Was war die Ursache? Nun, das Ladepersonal hatte einen Trick entwickelt, wie man leicht klemmende oder auch schwergängige Brennelemente vom Reaktortank in die Lademaschine bugsieren konnte. Dazu senkten sie den Druck in der Lademaschine kurzzeitig ab wonach das Brennelement aus dem Tank in die Lademaschine "flutschte". ( Im Jargon der Betriebsmannschaft war dies die "Maria-Hilf-Methode"). An diesem Tag hatte sich jedoch unter einem wichtigen Rückschlagventil eine Verschmutzung gebildet, sodass sich ein unzulässiger Druck im Hubzylinder für die Lademaschine ausbildete, der zu ihrem Abheben führte.

Durch eine geringfügige konstruktive Änderung konnte man später Vorfälle dieser Art sicher ausschliessen. Das ausgetretene Schwere Wasser wurde zum grössten Teil aufgefangen, gereinigt und in der Reaktortank zurück befördert. Das war wichtig, denn ein einziger Liter D2O kostete damals auf dem Weltmarkt 600 Mark, entsprechend dem Preis von 20 Litern bestem Whiskey.

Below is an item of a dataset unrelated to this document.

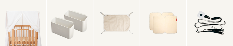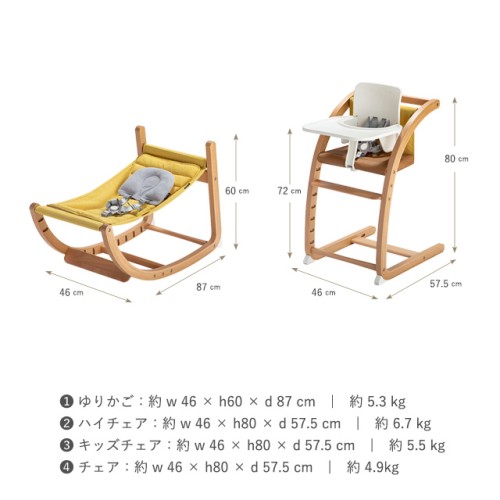 ゆりかごチェアからハイチェアまでに必要なアクセサリー類は全て付属しています。ご自宅に届いたその日から永くご愛用いただけます。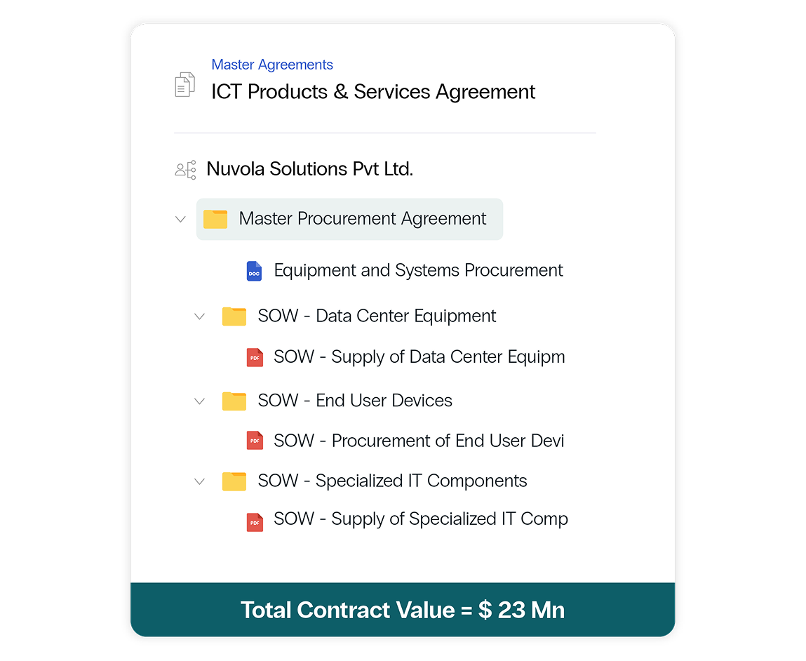Access all contracts, SLAs, and obligations in a unified, hierarchical repository. Sirion connects every document to its supplier, customer, or project — giving you full context, not scattered search results.

Die Information der Öffentlichkeit durch die beiden Sondergeschäftsführer B. und W. war ein Desaster. Sie fand nämlich überhaupt nicht statt. Weder gab es eine Pressekonferenz noch einen Aushang am Schwarzen Brett. Umso heftiger waren die Reaktionen der Zeitungen, als - wohl über Insider - der Vorfall sechs Wochen später dann doch publik wurde. Nun rückten die Verantwortlichen mit der Wahrheit heraus, deklarierten ihre Pressemitteilung aber - man glaubt es kaum - als "Gegendarstellung" in der sie ihrerseits die Medien kritisierten. Dieser unprofessionelle Umgang mit der Öffentlichkeit hat in der Folge dazu beigetragen, dass die grossen Reaktorprojekte Whyl und Breisach unter Beschuss gerieten und aufgegeben werden mussten.

Erstaunlich aber wahr ist, dass der MZFR fortan , bis zu seiner endgültigen Abschaltung im Jahr 1984, wie ein Uhrwerk lief. Es gab keine weiteren Störfälle, im Gegenteil, die Brennelemente, Dampferzeuger und Tanksysteme arbeiteten nahezu perfekt. In den letzten sechs jahren trug der MZFR sogar zur Heizung des Kernforschungszentrums bei, indem man 4 MWe auskoppelte und damit zum ersten Mal die Wärme-Kraft-Kopplung an einem deutschen Kernkraftwerk verwirklichte.

Initiator dieses Unternehmens war - das sei nicht verschwiegen - der Karlsruher Professor Otto Hagena.